私は高い山の上でただひたすらに、世の事を探究している。勿論そんな山の上にいて、今何か新しい事を得られる訳ではない。世の事は既にこの山に来る前に調べてある。私は若い頃、旅人だったのだ。
しかし、諸君らは疑問に思うだろう。知恵の亡者と自負する私が果たしてそれで満足出来るのだろうかと…
誰よりも古今東西の知識に貪欲な私が、高い山の上で俗世間から離れて過ごし、その知識欲を満足させられるのだろうかと。答えは否だ。ここに来たばかりの頃の私は、再び探究の旅に出たくて気が狂わんばかりだった。
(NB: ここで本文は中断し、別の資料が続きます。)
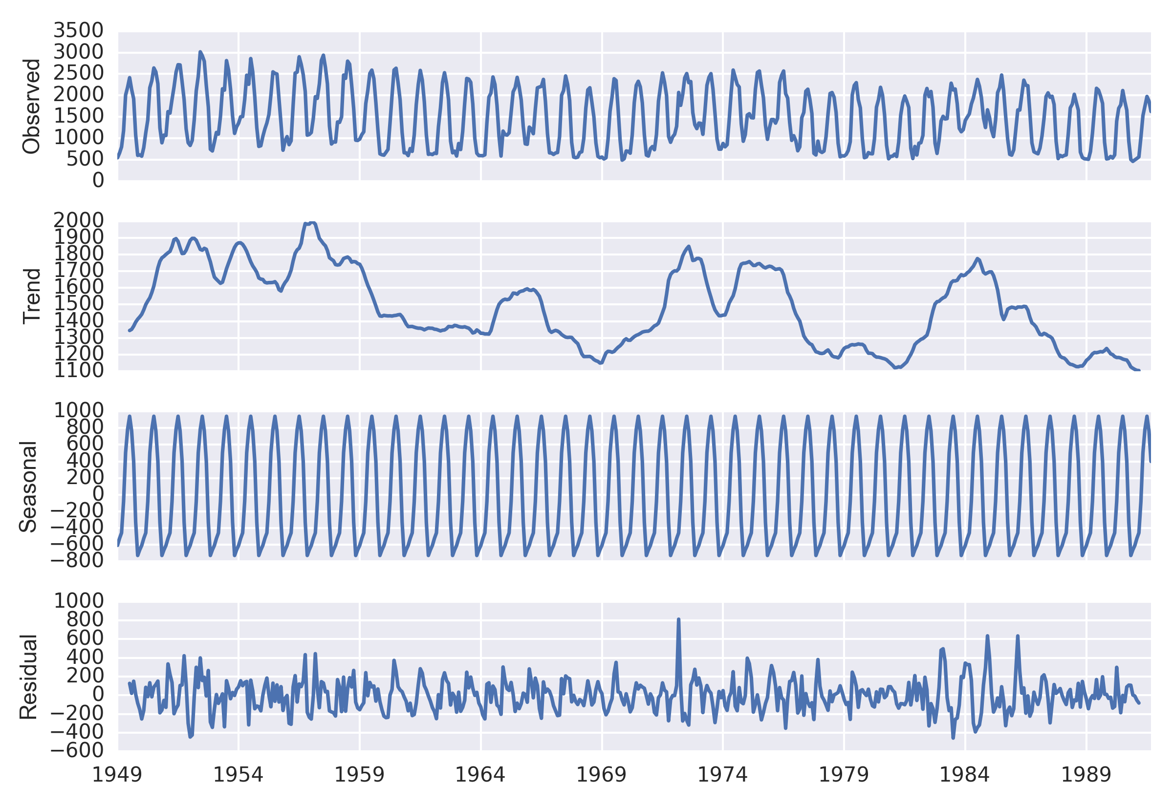 - Seasonal decomposition plots separate trend, seasonal, and residual components

世間と隔離された孤独、自らに新たな知恵が享受されない苦痛。陽光に最も近い山上は、私にとってはカンテラが必要な程の暗闇だった。
しかし、それでも尚私がこの山上にカンテラ片手に留まっていることには訳がある。それは私がなによりも愛する知識と関係があるのだ。私はその前半生を費やした旅で、私自身の一生をかけてもまとめ切れない程の知恵を手に入れた。しかし、あるときその知恵の全てが私の死と共にこの世を去ることに気づいたのだ。更に重要な事に、私はそれらの知恵や知識を何一つとして真理と呼べるまで探究していない事に気づいたのだった。
私は焦った。私がその過ちに気づいた時、既に私は老人になりつつあったのだ。
私は今まで手にした全ての知恵と経験を総動員して、私が犯したこの大失態を補う方法を考えた。そうして行き着いたのが“サーチー山脈”への山篭もりだった。
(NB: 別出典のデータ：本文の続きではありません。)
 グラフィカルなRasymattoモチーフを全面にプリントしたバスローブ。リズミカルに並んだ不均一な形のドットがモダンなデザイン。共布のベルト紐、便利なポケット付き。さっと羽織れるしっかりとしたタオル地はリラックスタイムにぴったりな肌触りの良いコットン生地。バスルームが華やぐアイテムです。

この山は“トーラ地方”東部に南西から北東に向かって高度を上げてそびえる山脈である。私はその時、自らの欲を抑え、ただひたすらに知識の反復をすることが果たして自分に出来るのかと疑問を持った。ふらりと町へ出て、そのまま戻らぬのではないかと心配したのだ。私は自分が再びそのような愚者にならぬよう、簡単には行き来できない僻地に住むことにした。それには“サーチー山脈”、その最奥は最適であった。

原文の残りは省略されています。